Но если мирное соглашение и возмутило большинство обычных немцев, это было ничто по сравнению с эффектом, который оно произвело на апологетов экстремального национализма, особенно на пангерманистов. Пангерманисты приветствовали начало войны в 1914 г. с безмерным энтузиазмом, граничащим с экстазом. Для людей вроде Генриха Класса это было исполнением мечты всей жизни. Казалось, что наконец события стали идти по их сценарию. Крайне амбициозные планы (аннексии территорий, гегемония в Европе), выдвинутые Пангерманским союзом до войны, теперь могли стать реальностью, когда правительство Бетмана-Гольвега определило набор военных задач, которые для него были очень близки по своему масштабу. Группы давления, например промышленники, и партии вроде консерваторов — все требовали массового присоединения новых территорий к Германскому рейху после победы[174]. Но победа не наступала, и сопротивление аннексионистским настроениям росло. В этих обстоятельствах Класс и пангерманисты начали осознавать, что им было необходимо предпринять еще одну серьезную попытку расширить свое влияние, чтобы снова получить возможность давления на правительство. Но пока они испытывали различные схемы сотрудничества с другими группами для достижения нужного результата, неожиданно их обошло новое движение, основанное Вольфгангом Каппом, бывшим госслужащим, землевладельцем и коллегой бизнес-магната и бывшего члена пангерманистов Альфреда Гугенберга. По мнению Каппа, никакое националистическое движение не могло добиться успеха без широкой поддержки масс, и в сентябре 1917 г. он основал Немецкую народную партию, программа которой строилась вокруг военных задач по захвату территорий, конституционных изменений в сторону авторитаризма и других пунктов платформы пангерманистов. Эта партия, поддерживаемая Классом, промышленниками, бывшим командующим флотом Альфредом фон Тирпицем и всеми группами, ратовавшими за аннексии, включая консерваторов, позиционировала себя как организацию, стоявшую выше партийно-политических дрязг, преданную исключительно немецкому народу и не чуждую какой-либо абстрактной идеологии. К популярной партии присоединились учителя, протестантские пасторы, военные офицеры и многие другие. В течение года Народная партия собрала под свои знамена не менее 1,25 млн человек[175].

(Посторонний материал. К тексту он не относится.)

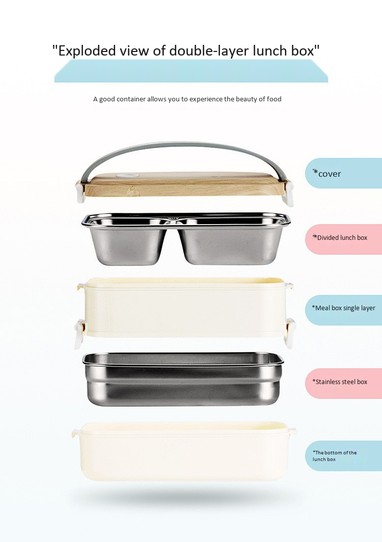 Portable large-capacity stainless steel double-layer insulated lunch box
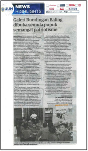 Haniffa, Mohamed Ali (2026) Galeri Rundingan Baling Dibuka Semula Pupuk Semangat Patriotisme. (3 January 2026). in Utusan Malaysia, Petaling Jaya, Selangor, p. p. 31. (In Press)
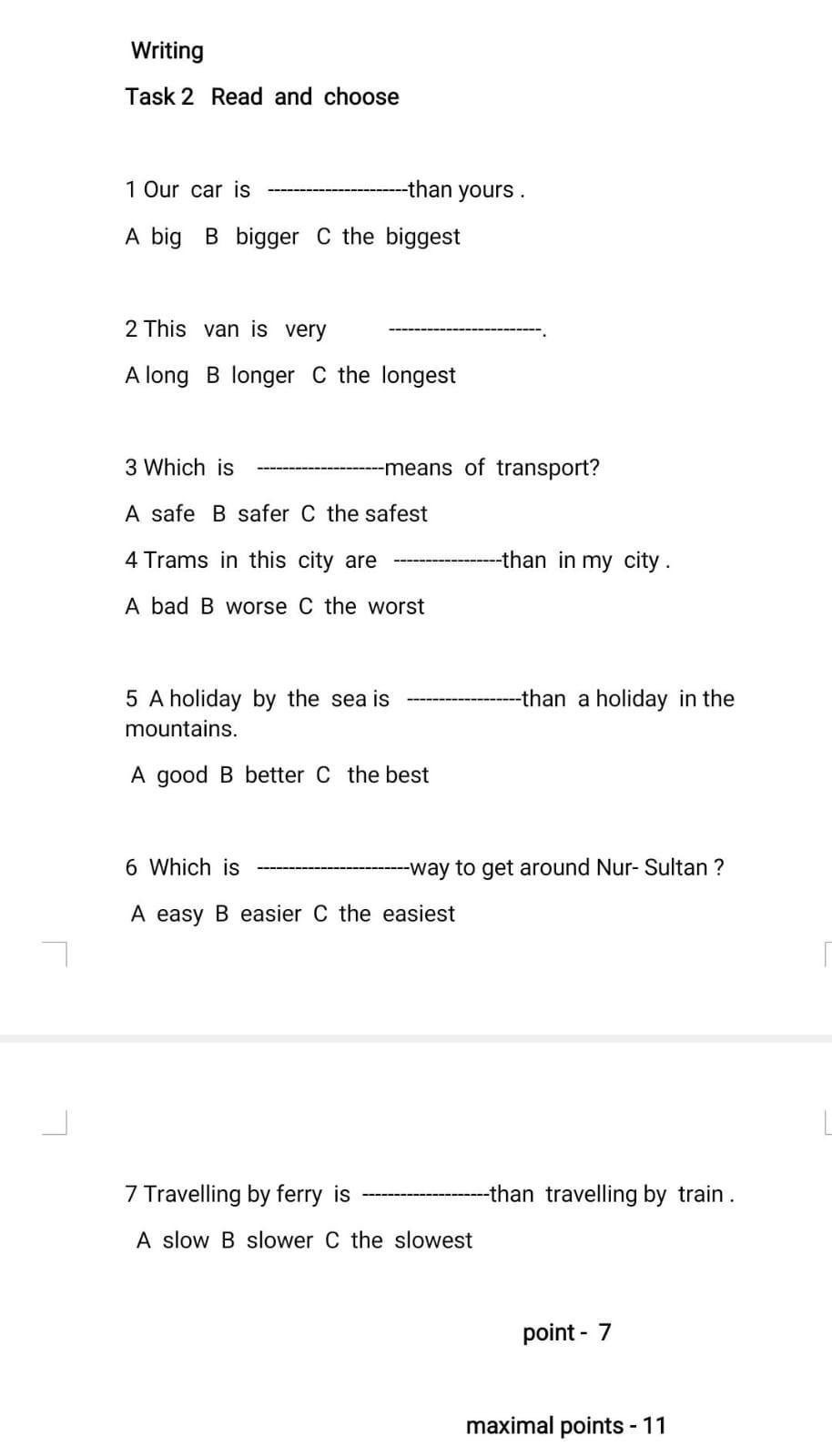 4. Trams in this city are **C** the worst means of transport than in my city.
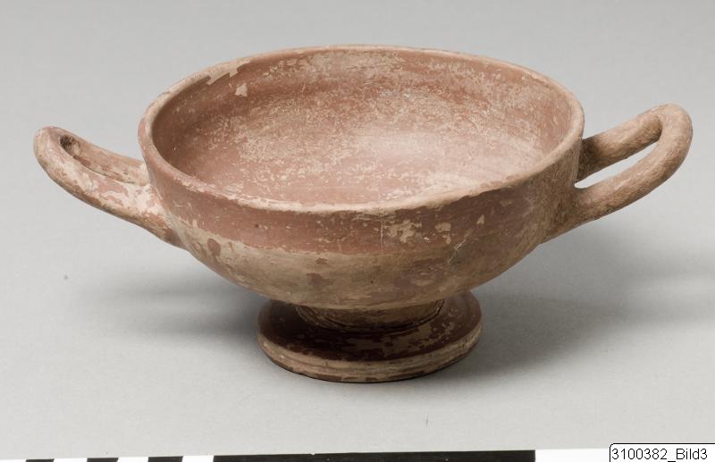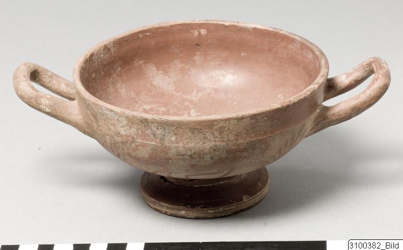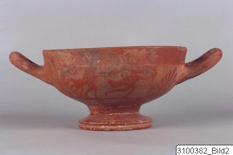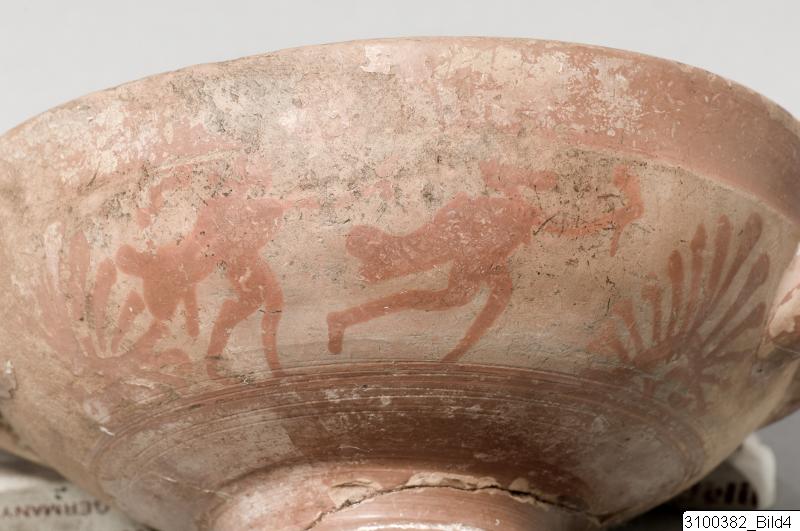 Plain rim; rounded body; raised, rounded, U-shaped handles at mid-body; thick, short stem; disc base in two degrees. Yellowish red clay; lustrous, red paint (probably misfired). Interior painted, except reserved band at inside and top of rim; lip and handles painted; frieze in handle panel on both sides with two figures in silhouette, holding unidentifiable objects (in one case possibly a horn), flanked by a palmette fan on each side; lower body, stem and base painted; underside of base painted; on bottom a central dot encircled by a narrow band.
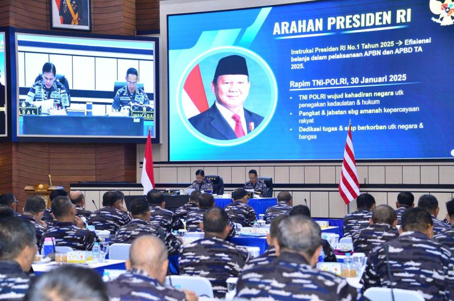 Kepala Staf Angkatan Laut (Kasal) Laksamana TNI Dr. Muhammad Ali didampingi Wakil Kepala Staf Angkatan Laut (Wakasal) Laksamana Madya TNI Erwin S. Aldedharma memimpin secara langsung Rapat Pimpinan (Rapim) TNI AL 2025 bertempat di Auditorium Denma Mabesal, Cilangkap, Jakarta Timur, Kamis (6/2/2025). Kegiatan diikuti sebanyak 141 Perwira yang terdiri dari 106 Perwira Tinggi yang ada dalam struktural TNI AL dan 17 Perwira Menengah Mabesal, serta 35 Perwira Tinggi TNI AL yang berada di luar struktual TNI AL.
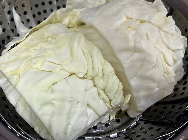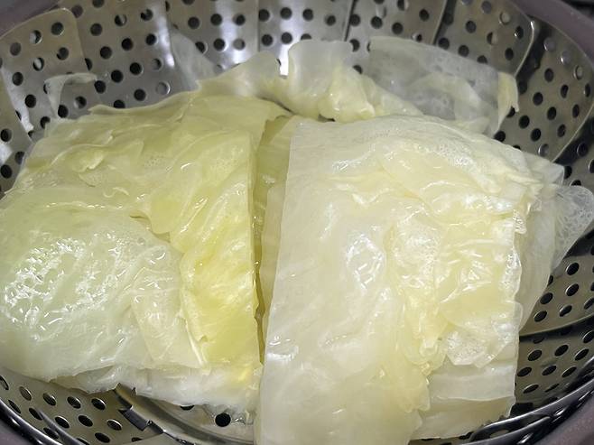 양배추는 깨끗한 겉잎 위주로 떼어낸 후 물에 한 번 헹구세요. 두꺼운 심지가 있는 안쪽보다는 얇고 두께가 고른 겉잎이 말기 좋고 식감도 부드럽습니다. 찜기에 넣어 약 5분 삶으세요.
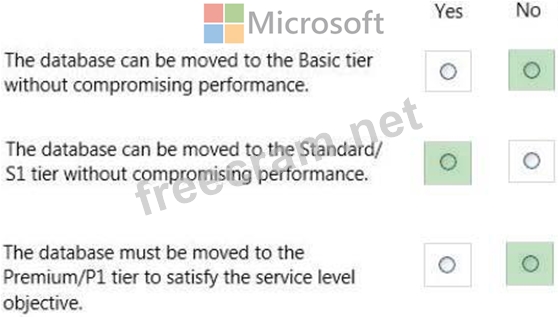You review the service tiers in Microsoft Azure SQL Database as well as the results of running performance queries for the usage of the database for the past week as shown in the exhibits. (Click the Exhibits button.)
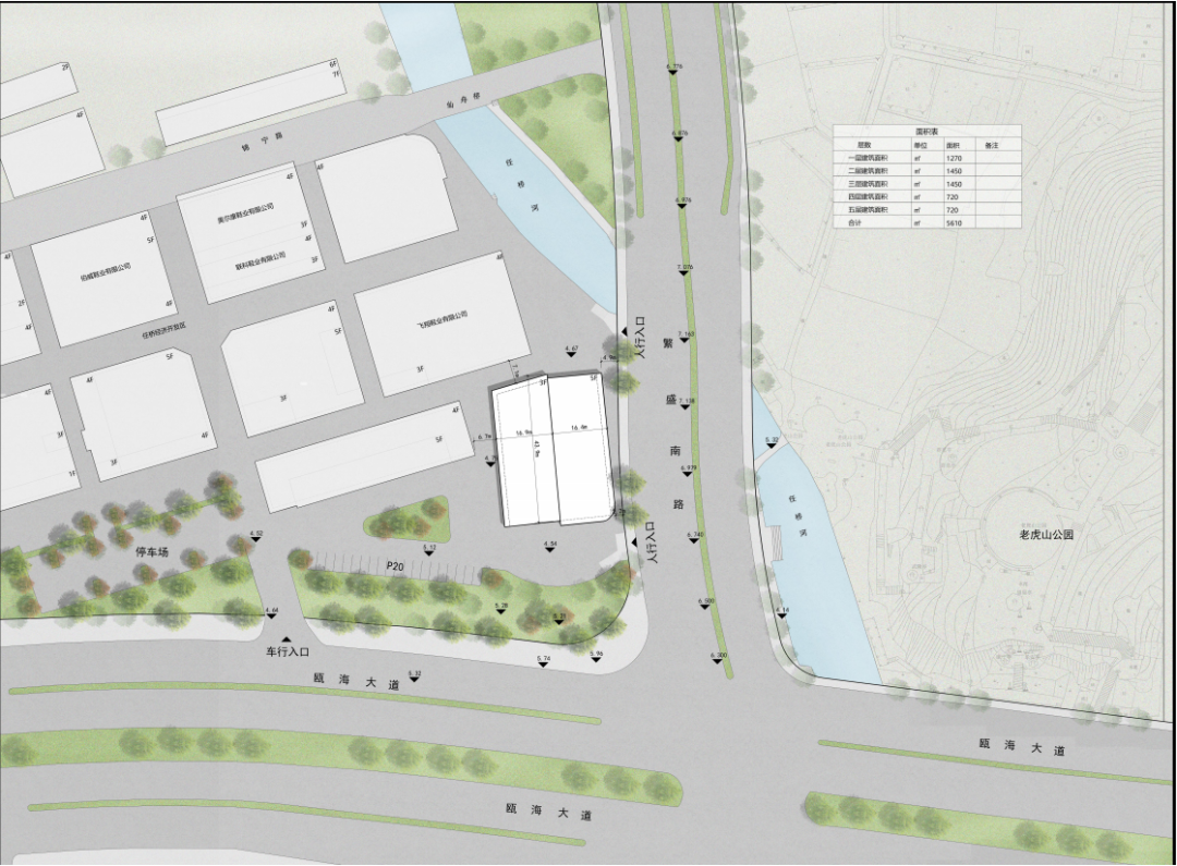 繁盛南路口工业厂房共五层,建筑面积约5610㎡,北侧、西侧紧邻任桥经济开发区,南望瓯海大道,东依老虎山公园。该区块旨在打造一个集“餐饮、休闲、公寓、商务酒店”功能于一体的多元化空间,融原有工业因素,赋现代新活力。
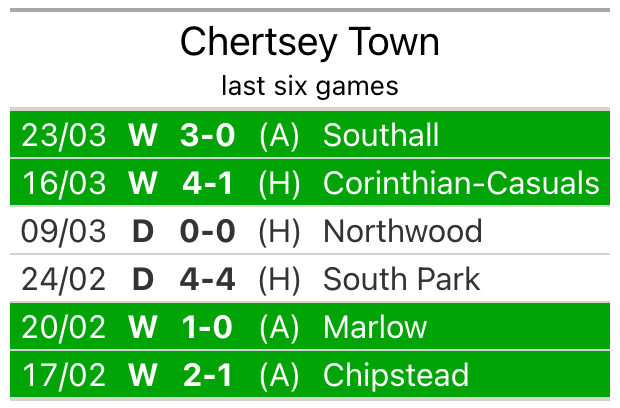 Chertsey’s last match was on March 23, a 3-0 win against Southall.
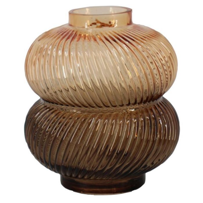 Tischvase Glas KORNELIA mit Rillen, amber-braun-klar, 16,3cm, Ø14,7cm
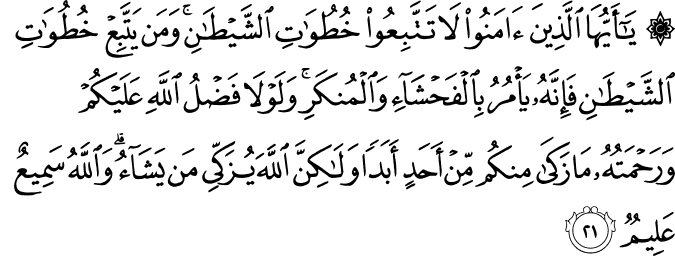 yā-ʾayyuhā lladhīna ʾāmanū lā tattabiʿū khuṭuwāti sh-shayṭāni wa-man yattabiʿ khuṭuwāti sh-shayṭāni fa-ʾinnahū yaʾmuru bi-l-faḥshāʾi wa-l-munkari wa-law-lā faḍlu llāhi ʿalaykum wa-raḥmatuhū mā zakā minkum min ʾaḥadin ʾabadan wa-lākinna llāha yuzakkī man yashāʾu wa-llāhu samīʿun ʿalīmun
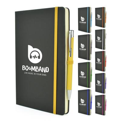 2-in-1 A5 black PU soft finish notebook with a matching Mole Mate Ball Pen. The notebook features 80 lined sheets, coloured pen loop, back pocket, coloured ribbon bookmark and coloured elasticated closure. (QS0765 & TPC982001)

Однако все было не совсем так, как казалось. Во-первых, показатели численности были завышены за счет множества двойных подсчетов лиц, зарегистрированных и как отдельные члены, и как участники входящих в состав организаций, поэтому реальная численность партии не превышала 445 000 человек в соответствии с внутренним меморандумом от сентября 1918 г. Кроме того, Класс и пангерманисты были быстро отодвинуты в сторону, поскольку руководство посчитало, что сотрудничество с ними может отпугнуть потенциальных сторонников с менее экстремальными политическими взглядами. Народная партия встретила огромное сопротивление со стороны либералов, а также была под большим подозрением у правительства, которое запрещало вступать в нее офицерам и солдатам и рекомендовало госслужащим никоим образом не помогать ей. Стремление партии призвать под свои знамена рабочий класс раздражало как социал-демократов, направивших яростный поток критики на ее вызывавшую рознь идеологию, так и раненных на войне солдат, присутствие которых (по приглашению) на собрании Народной партии в Берлине в январе 1918 г. закончилось обменом гневными репликами между ними и выступавшими, после чего ярые патриоты в аудитории выкинули приглашенных гостей из зала, и пришлось вызывать полицию, чтобы остановить драку.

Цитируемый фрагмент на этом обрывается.